Ngalamulume’s sudden exit from the race upset many local Democrats. A flame war among Ngalamulume, his campaign manager, Erin Fox, political consultant Joe DiSano and Ingham County Young Democrats Vice Chairman Thomas Morgan broke out on Facebook.

Asked about Ngalamulume’s back and forth, DiSano said that the campaign now “has about as much credibility as a puppet show.”

“I was cheering this guy on, I felt betrayed,” DiSano said. “He had the honor of being the Democratic standard bearer. When things started not to go his way, for him to throw that honor away, he threw out his career in politics.”

DiSano questioned Ngalamulume’s expenditures. He said that June is too early to have a full campaign staff and to be sending out elaborate campaign literature.

“Having that heavy a payroll six months before the election was absurd,” he said. “All those resources should’ve been saved for end.”

For his part, Ngalamulume lamented the fact that there was not a rush to pour resources into his campaign.

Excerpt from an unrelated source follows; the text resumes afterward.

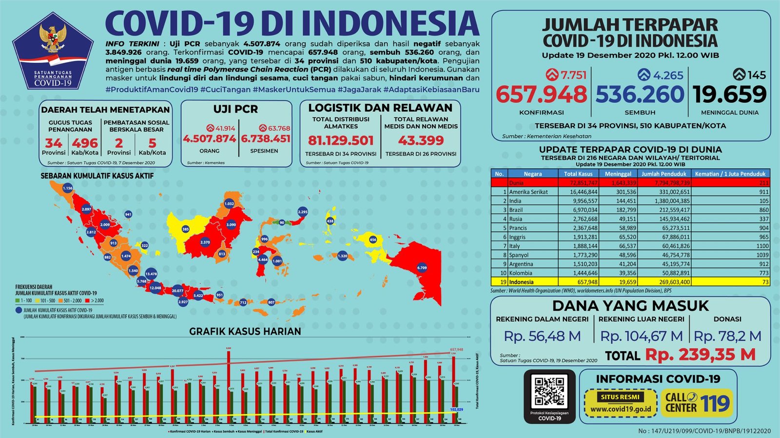 Sebelumnya pada Jumat (18/12/2020), jumlah akumulatif kasus positif berada di angka 650.197 dengan 531.995 di antaranya sembuh dan 19.514 meninggal dunia.

In his campaign cancellation last Thursday, he wrote, “it is now apparent to me that there is not enough interest amongst the political establishment and many constituents in this district to replace Mike Rogers in Congress.”

DiSano said Ngalamulume has it backward. In a year where there are multiple important races — including two congressional seats targeted by Republicans — the 8th is not the highest priority.

“In a campaign when you hit a rough spot, your character is revealed. Instead of folding his tent, he should’ve deferred payment and doubled down,” DiSano said. “In politics, no one gives you anything, you have to take it.